# Problem description
Your answer should consist of the lines in the following data that contain "Verbindung".

# Entries supplied
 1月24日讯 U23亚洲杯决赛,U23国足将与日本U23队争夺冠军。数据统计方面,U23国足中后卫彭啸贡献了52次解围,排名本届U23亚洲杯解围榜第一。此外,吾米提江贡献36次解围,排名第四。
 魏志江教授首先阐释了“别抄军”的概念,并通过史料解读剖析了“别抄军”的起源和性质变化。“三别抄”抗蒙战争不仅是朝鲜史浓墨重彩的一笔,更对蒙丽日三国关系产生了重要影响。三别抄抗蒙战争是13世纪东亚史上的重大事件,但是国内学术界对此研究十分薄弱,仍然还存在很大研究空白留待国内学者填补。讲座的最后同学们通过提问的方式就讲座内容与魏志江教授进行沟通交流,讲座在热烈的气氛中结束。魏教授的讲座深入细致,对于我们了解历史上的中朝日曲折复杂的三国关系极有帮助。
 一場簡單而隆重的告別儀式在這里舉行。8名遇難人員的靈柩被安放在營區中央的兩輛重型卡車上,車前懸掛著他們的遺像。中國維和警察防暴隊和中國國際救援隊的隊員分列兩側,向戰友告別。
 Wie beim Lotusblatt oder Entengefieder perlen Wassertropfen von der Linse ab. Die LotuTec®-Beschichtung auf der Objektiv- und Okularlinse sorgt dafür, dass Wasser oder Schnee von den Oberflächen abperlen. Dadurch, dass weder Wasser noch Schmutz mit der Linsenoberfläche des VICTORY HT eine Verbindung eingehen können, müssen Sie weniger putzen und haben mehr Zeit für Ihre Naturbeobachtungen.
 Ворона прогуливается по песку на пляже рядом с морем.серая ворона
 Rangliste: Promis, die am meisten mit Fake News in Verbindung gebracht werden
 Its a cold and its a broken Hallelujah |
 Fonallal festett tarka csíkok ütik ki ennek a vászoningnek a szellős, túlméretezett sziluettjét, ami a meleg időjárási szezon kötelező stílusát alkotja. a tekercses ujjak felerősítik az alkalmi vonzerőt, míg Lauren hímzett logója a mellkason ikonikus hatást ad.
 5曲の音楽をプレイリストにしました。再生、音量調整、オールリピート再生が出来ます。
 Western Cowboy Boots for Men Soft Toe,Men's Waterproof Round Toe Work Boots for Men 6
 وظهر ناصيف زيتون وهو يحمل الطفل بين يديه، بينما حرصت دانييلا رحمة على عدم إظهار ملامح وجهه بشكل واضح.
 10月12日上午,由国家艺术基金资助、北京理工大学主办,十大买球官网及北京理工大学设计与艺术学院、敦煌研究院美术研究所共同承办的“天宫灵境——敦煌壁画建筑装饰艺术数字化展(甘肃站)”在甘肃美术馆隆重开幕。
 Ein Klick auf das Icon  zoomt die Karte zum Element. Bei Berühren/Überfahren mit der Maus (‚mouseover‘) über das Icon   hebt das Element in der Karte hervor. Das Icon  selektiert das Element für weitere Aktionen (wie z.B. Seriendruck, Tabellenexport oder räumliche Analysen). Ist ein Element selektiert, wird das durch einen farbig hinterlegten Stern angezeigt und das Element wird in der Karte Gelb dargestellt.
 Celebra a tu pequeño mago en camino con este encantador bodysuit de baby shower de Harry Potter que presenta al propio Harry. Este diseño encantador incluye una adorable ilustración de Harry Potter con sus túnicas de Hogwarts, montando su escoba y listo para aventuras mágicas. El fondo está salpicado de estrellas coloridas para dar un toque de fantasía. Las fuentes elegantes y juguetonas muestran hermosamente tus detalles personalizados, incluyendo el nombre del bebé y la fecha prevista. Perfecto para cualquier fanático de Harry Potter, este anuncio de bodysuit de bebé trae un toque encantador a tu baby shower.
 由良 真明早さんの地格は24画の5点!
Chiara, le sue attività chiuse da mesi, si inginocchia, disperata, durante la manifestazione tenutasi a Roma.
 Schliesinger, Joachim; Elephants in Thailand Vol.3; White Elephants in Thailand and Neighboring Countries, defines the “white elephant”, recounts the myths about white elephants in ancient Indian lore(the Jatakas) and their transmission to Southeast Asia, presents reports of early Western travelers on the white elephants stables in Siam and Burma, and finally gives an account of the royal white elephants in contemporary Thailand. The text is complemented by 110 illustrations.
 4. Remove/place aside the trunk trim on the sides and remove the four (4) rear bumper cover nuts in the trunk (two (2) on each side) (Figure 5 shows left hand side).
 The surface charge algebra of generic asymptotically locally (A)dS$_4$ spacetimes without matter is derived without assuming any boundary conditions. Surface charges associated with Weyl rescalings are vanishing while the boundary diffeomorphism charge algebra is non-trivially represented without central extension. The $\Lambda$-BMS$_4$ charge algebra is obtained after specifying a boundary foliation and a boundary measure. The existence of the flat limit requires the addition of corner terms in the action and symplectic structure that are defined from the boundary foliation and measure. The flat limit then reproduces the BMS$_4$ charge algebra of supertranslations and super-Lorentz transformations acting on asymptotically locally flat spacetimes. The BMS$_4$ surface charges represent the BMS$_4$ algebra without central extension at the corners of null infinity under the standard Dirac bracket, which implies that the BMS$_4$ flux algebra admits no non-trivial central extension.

# Finished exercise
 Wie beim Lotusblatt oder Entengefieder perlen Wassertropfen von der Linse ab. Die LotuTec®-Beschichtung auf der Objektiv- und Okularlinse sorgt dafür, dass Wasser oder Schnee von den Oberflächen abperlen. Dadurch, dass weder Wasser noch Schmutz mit der Linsenoberfläche des VICTORY HT eine Verbindung eingehen können, müssen Sie weniger putzen und haben mehr Zeit für Ihre Naturbeobachtungen.
 Rangliste: Promis, die am meisten mit Fake News in Verbindung gebracht werden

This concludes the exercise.